Due to the hugepages memory fragmentation issue, applications may get "Cannot allocate memory" warnings or errors when there are not enough hugepages on the compute node, such as:

libhugetlbfs [nid000xx:xxxxx]: WARNING: New heap segment map at 0x10000000 failed: Cannot allocate memory

The verbosity level of libhugetlbfs HUGETLB_VERBOSE is set to 0 on Cori by default to surpress debugging messages. Users can adjust this value to obtain more info.

When to Use Huge Pages

  • For MPI applications, map the static data and/or heap onto huge pages.
  • For an application which uses shared memory, which needs to be concurrently registered with the high speed network drivers for remote communication.
  • For SHMEM applications, map the static data and/or private heap onto huge pages.
  • For applications written in Unified Parallel C, Coarray Fortran, and other languages based on the PGAS programming model, map the static data and/or private heap onto huge pages.
  • For an application doing heavy I/O.
  • To improve memory performance for common access patterns on large data sets.

When to Avoid Huge Pages

  • Applications sometimes consist of many steering programs in addition to the core application. Applying huge page behavior to all processes would not provide any benefit and would consume huge pages that would otherwise benefit the core application. The runtime environment variable HUGETLB_RESTRICT_EXE can be used to specify the susbset of the programs to use hugepages.

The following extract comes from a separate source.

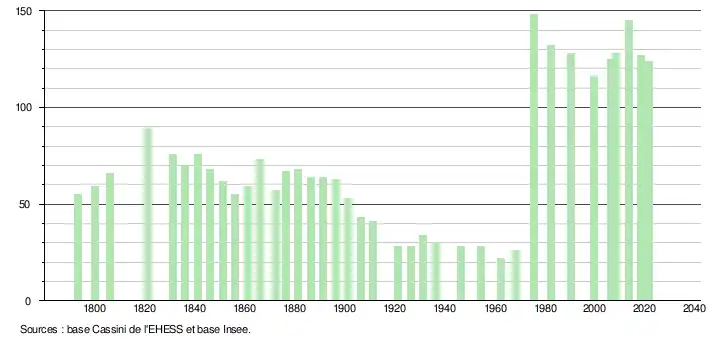 L'évolution du nombre d'habitants est connue à travers les recensements de la population effectués dans la commune depuis 1793. Pour les communes de moins de 10 000 habitants, une enquête de recensement portant sur toute la population est réalisée tous les cinq ans, les populations légales des années intermédiaires étant quant à elles estimées par interpolation ou extrapolation[17]. Pour la commune, le premier recensement exhaustif entrant dans le cadre du nouveau dispositif a été réalisé en 2008[18].

  • For certain applications if using hugepages either causes issues or slowing down performances, users can explicitly unload the craype-hugepages2M module. One such example is that when an application forks more subprocesses (such as pthreads) and allocate memory, the newly allocated memory are the small 4K pages.

Task Packing

Users requiring large numbers of single-task jobs have several options at NERSC. The options include:

  • Submitting jobs to the shared QOS,
  • Using a workflow tool to combine the tasks into one larger job,
  • Using job arrays to submit many individual jobs which look very similar.

If you have a large number of independent serial jobs (that is, the jobs do not have dependencies on each other), you may wish to pack the individual tasks into one bundled Slurm job to help with queue throughput. Packing multiple tasks into one Slurm job can be done via multiple srun commands in the same job script (example).